## WHAT YOU HAVE TO DO
Retype the lines from the first one in the records down to the line containing "A girly and", counting both, and leave out any pictures.
--- EXCERPTED RECORDS Enclosed Below ---
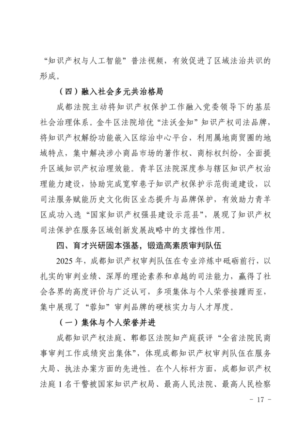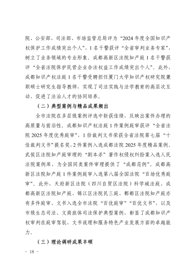 《成都法院2025年知识产权司法保护状况》白皮书
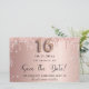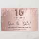 A girly and trendy Save the Date card for a Sweet 16, 16th birthday party. Rose gold faux metallic looking background decorated with rose gold and faux silver glitter drips and dust. Personalise and add a date and name/text. The text: Save the Date is written with a large trendy hand lettered style script with swashes. Number 16 with a balloon style font.
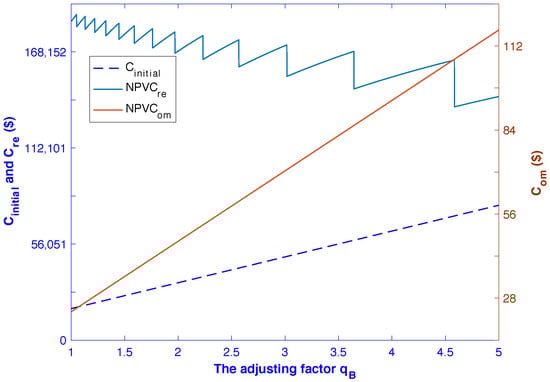 Using the proposed method, the obtained value of US$200,653 was the lowest  at the  of 1.761. This corresponds to the optimal capacity of the BESS of 144.4 kWh. The effects of  on the , the  and the  are depicted in Figure 10. As the  increases, the size of the battery and the cost increase, and the number of replacements decreases. If the battery size is small, the cost of battery replacement is low, but the cost of replacing the battery is high. As the  varied from 1 to 5, in steps of 0.001, the  increased from US$18,419 to US$78,724, and the  increased from US$23.48 to US$117.43. In contrast, the  has downward trends because the  can extend the BESS lifetime and the BESS replacement was reduced.
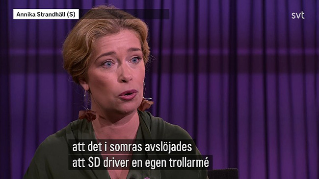 – Jag tycker själv att det är oerhört märklig att det faktum att i somras avslöjades att Sverigedemokraterna driver en egen trollarmé, och det nätverk de har med kopplingar till alternativmedier, att det inte granskades mer, säger Strandhäll och fortsätter.
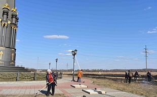 03 апреля на въезде в п. Красный у памятника «Героям Отечественной войны 1812 года» работники культуры организовали и провели субботник.
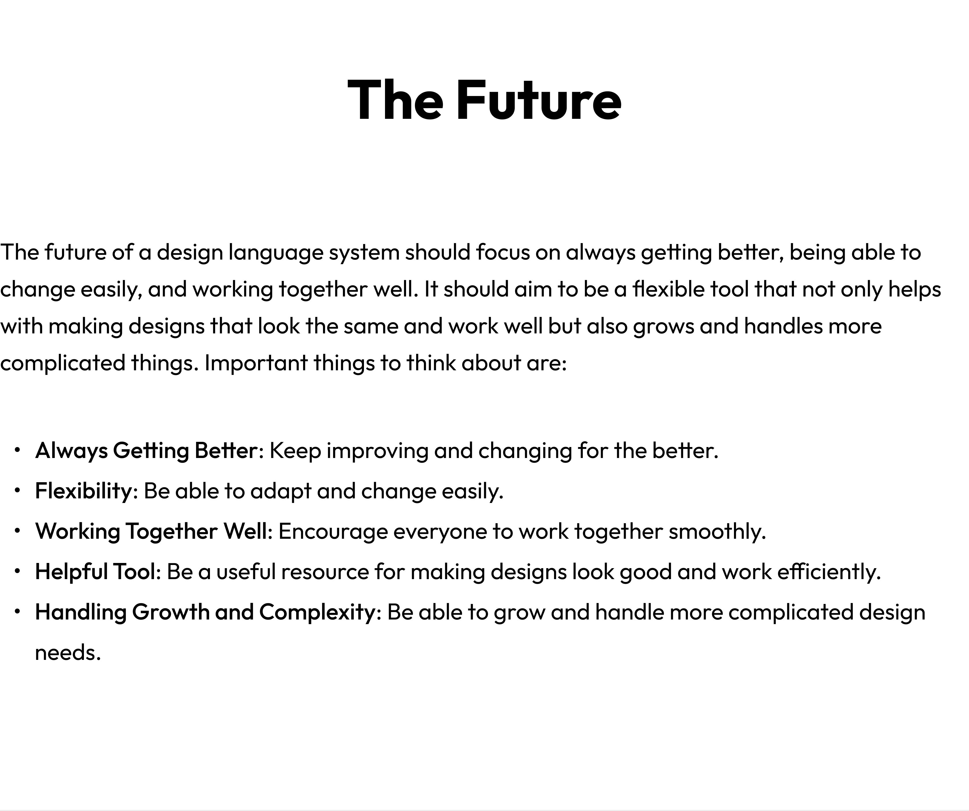 The future of a design language system should focus on always getting better, being able to change easily, and working together well. It should aim to be a flexible tool that not only helps with making designs that look the same and work well but also grows and handles more complicated things. Important things to think about are:
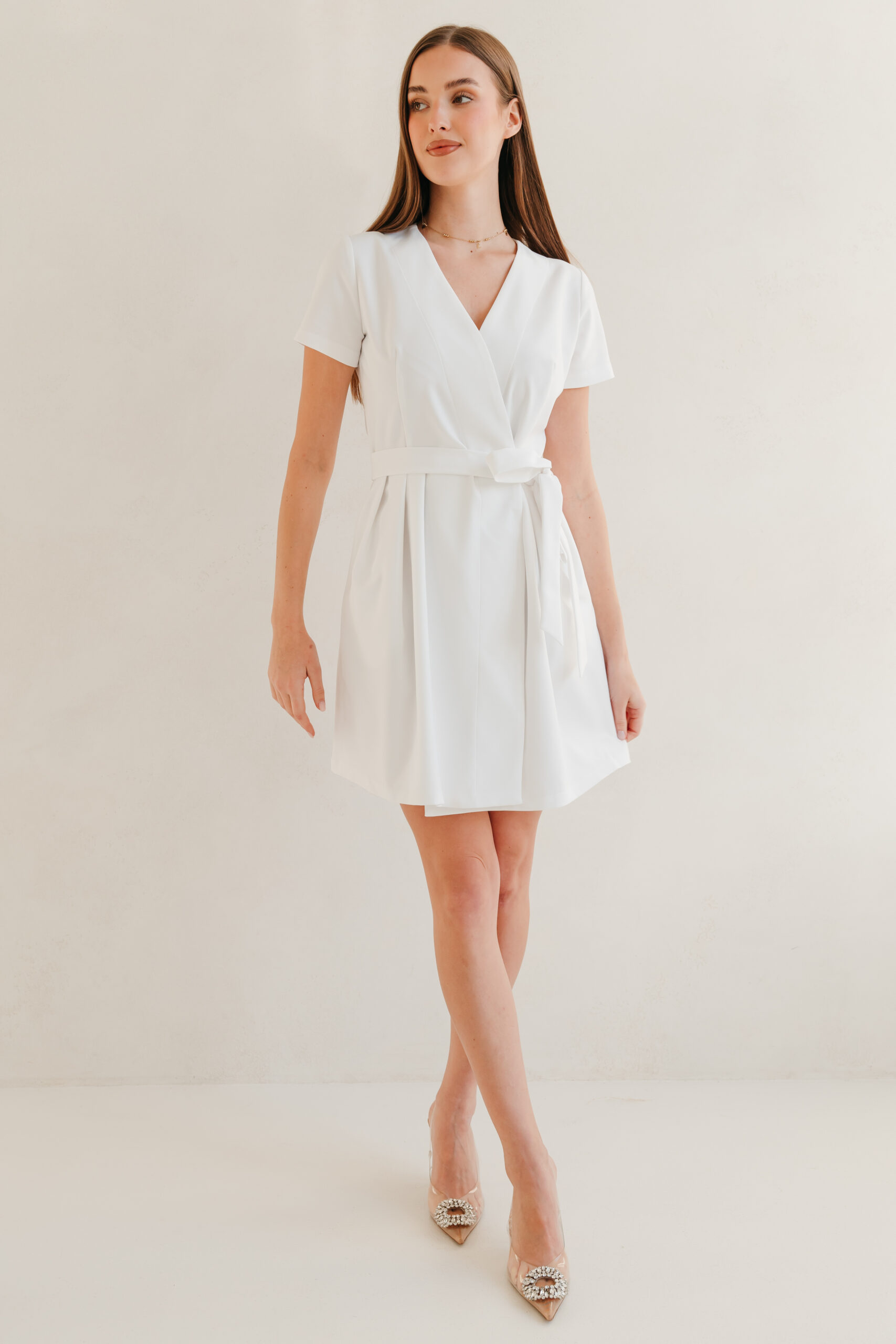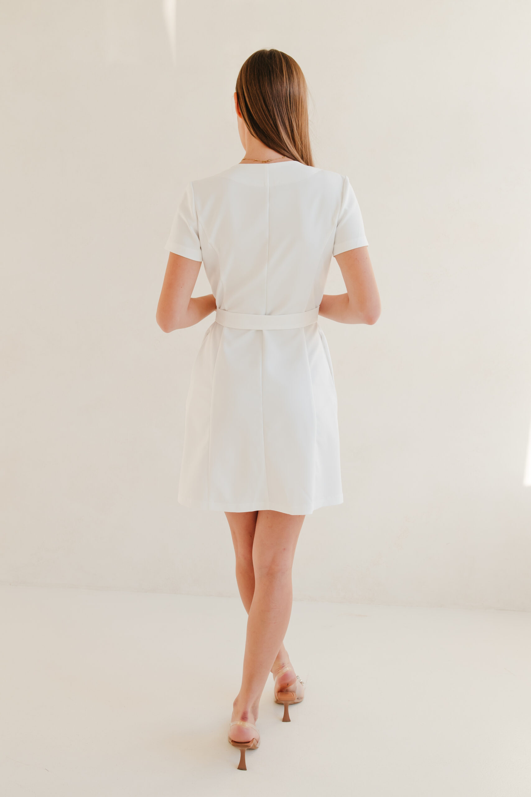 Niezwykle elegancki i kobiecy uniform. Posiada dwie niewidoczne kieszenie, które są ukryte w szwie. Dzięki funkcji wiązania w pasie można idealnie dopasować go do sylwetki.To kopertowy krój,który zapinany jest w talii na zatrzaski.Posiada proste rękawy i pięknie układający się dół . Jest to najbardziej elegancka wersja uniformu.
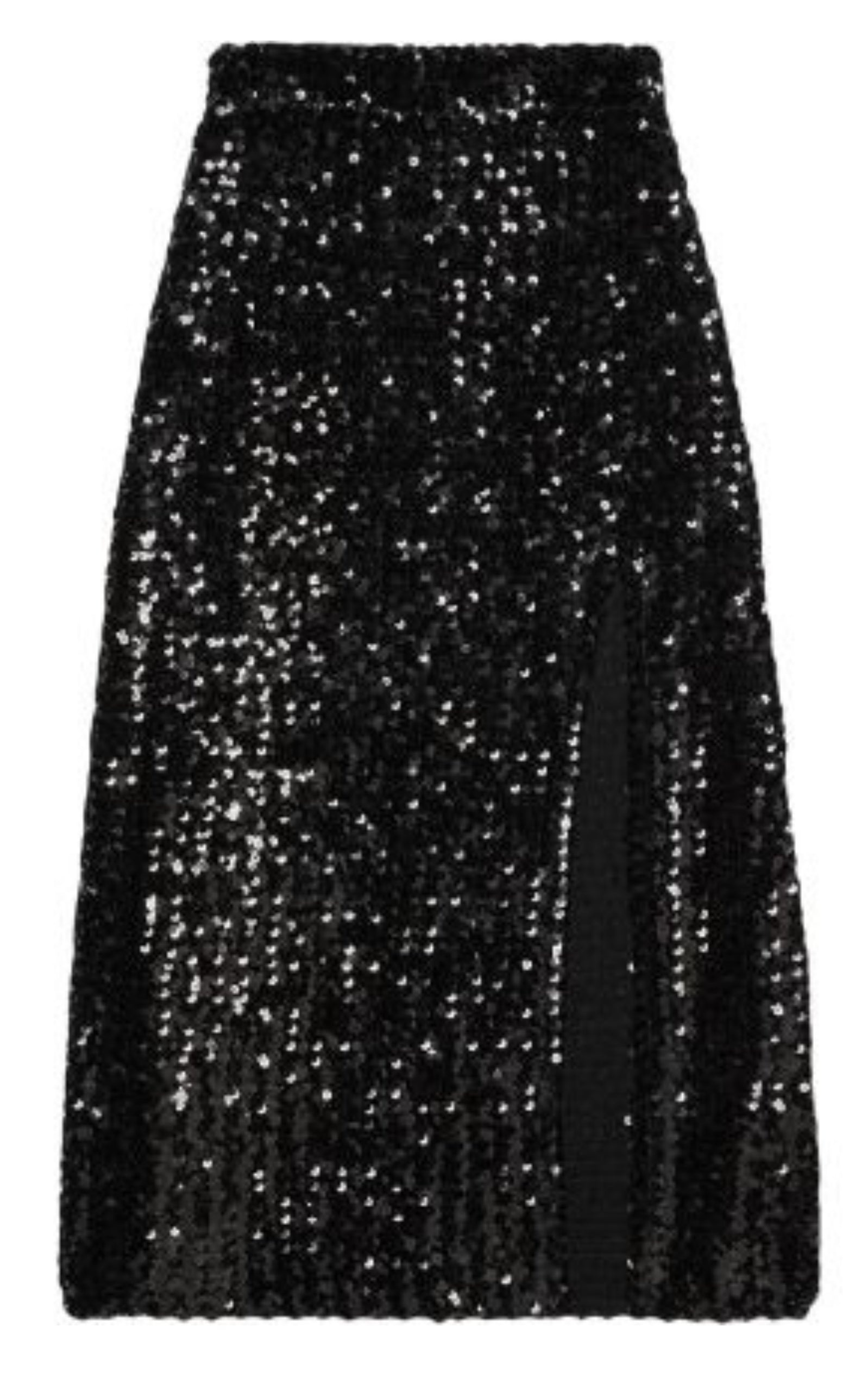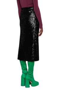 Detailed with a front slit, this black skirt from Gucci is decorated with all-over sequin embroidery for an extra sparkly touch. All-over embroidered black sequins Front left slitt High waist Side zip fastening Mid-length. Please note, the slit is designed to be easily altered to a lower length or closed as desired. Composition: 67% Acrylic, 29% cotton, 4% Polyester Made in Italy
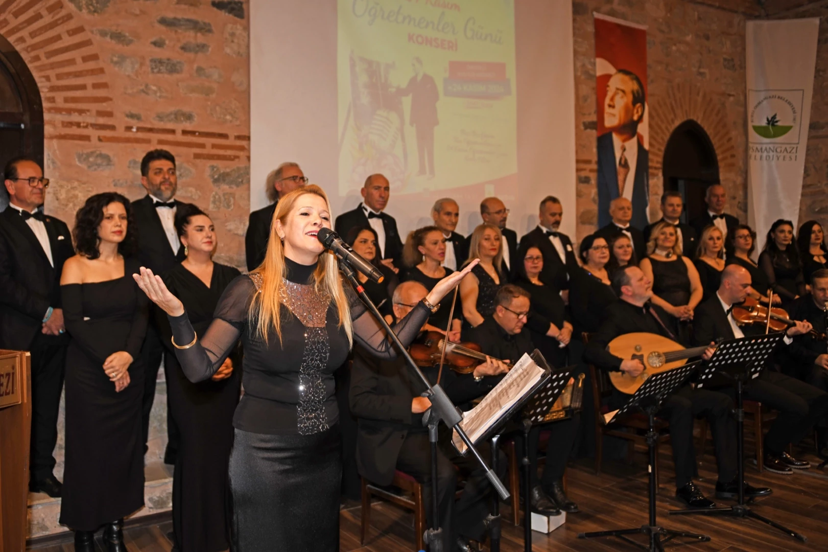 Şef Rüştü Şentürk yönetimindeki koro üyeleri, seslendirdiği birbirinden güzel şarkılar ile öğretmenlere müzik ziyafeti sundu. Konserde, Başöğretmen Mustafa Kemal Atatürk anısına ve bütün öğretmenler için birbirinden güzel eserler seslendirildi. Osmangazi Belediyesi Türk Sanat Müziği Korosu, performansıyla alkış aldı. Yaklaşık 2 saat konser süresince eğlenceli saatler yaşayan öğretmenler, yılın stres ve yorgunluğunu bir nebze de olsa üzerlerinden attı.
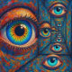 "Echoes in the Iris" - Un portrait surréaliste. Un oeil impasto stylisé et audacieux se multiplie sans cesse dans un tunnel de reflets en miroir, ses couleurs dansant entre le feu et l'eau. Chaque écho recule dans la distance, symbolisant le déplacement progressif de l'identité à travers le temps. L'oeuvre mêle intensité peintre et répétition surréaliste, explorant la beauté et l'inquiétude de l'auto-examen sans fin.
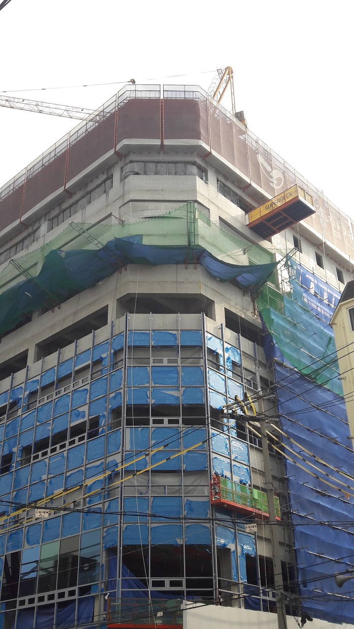 비젼은 커튼월 중에서 유리를 끼워 채광과 조망이 가능한 부분을 말합니다. 아래 사진을 보면 유리 색상을 선택하기 위해 유리 견본이 설치되어 있습니다.
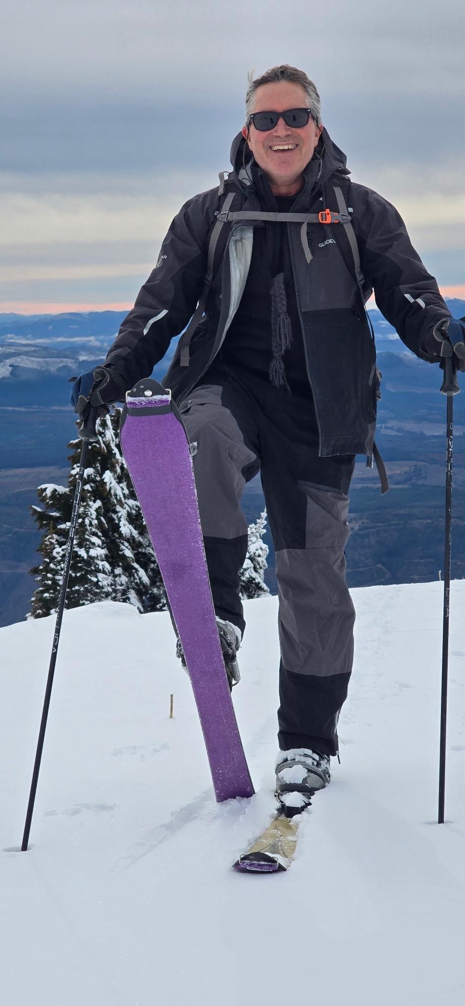 A person is standing on a snowy slope, wearing sunglasses and winter sports gear. They are holding a ski pole and have a purple ski on one foot. The background features distant mountains and a cloudy sky, indicating a mountainous landscape.
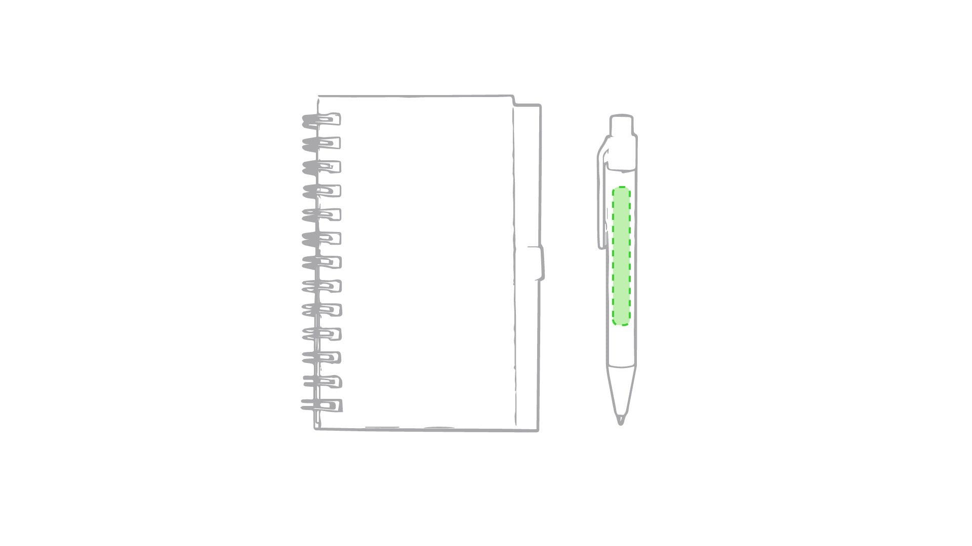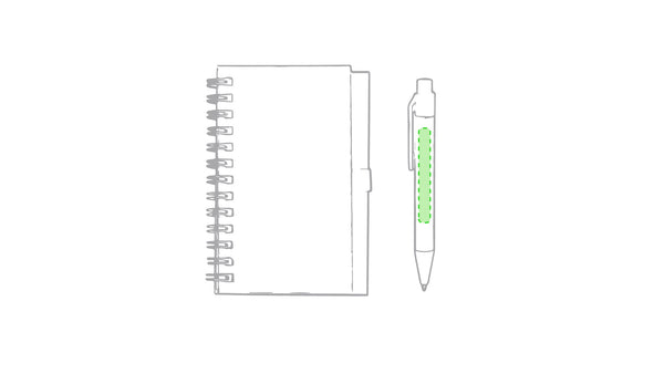 Ring notebook with soft-touch covers in resistant recycled cardboard and ball pen in matching color recycled cardboard. Boldly colorful, 50 sheets with striped layout and with ball pen holder on back cover.
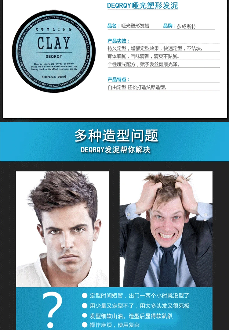 Unlike traditional styling gels that leave your hair looking shiny or greasy, the Fashion Matte Finished Hair Styling Clay provides a low shine, giving your hair a fresh, natural appearance. Whether you're going for a casual, laid-back look or a sharp, polished style, this clay gives you the flexibility to achieve a range of hairstyles with the perfect matte finish.
--- End of Enclosed EXCERPTED RECORDS ---
## THE ANSWER
 《成都法院2025年知识产权司法保护状况》白皮书
 A girly and trendy Save the Date card for a Sweet 16, 16th birthday party. Rose gold faux metallic looking background decorated with rose gold and faux silver glitter drips and dust. Personalise and add a date and name/text. The text: Save the Date is written with a large trendy hand lettered style script with swashes. Number 16 with a balloon style font.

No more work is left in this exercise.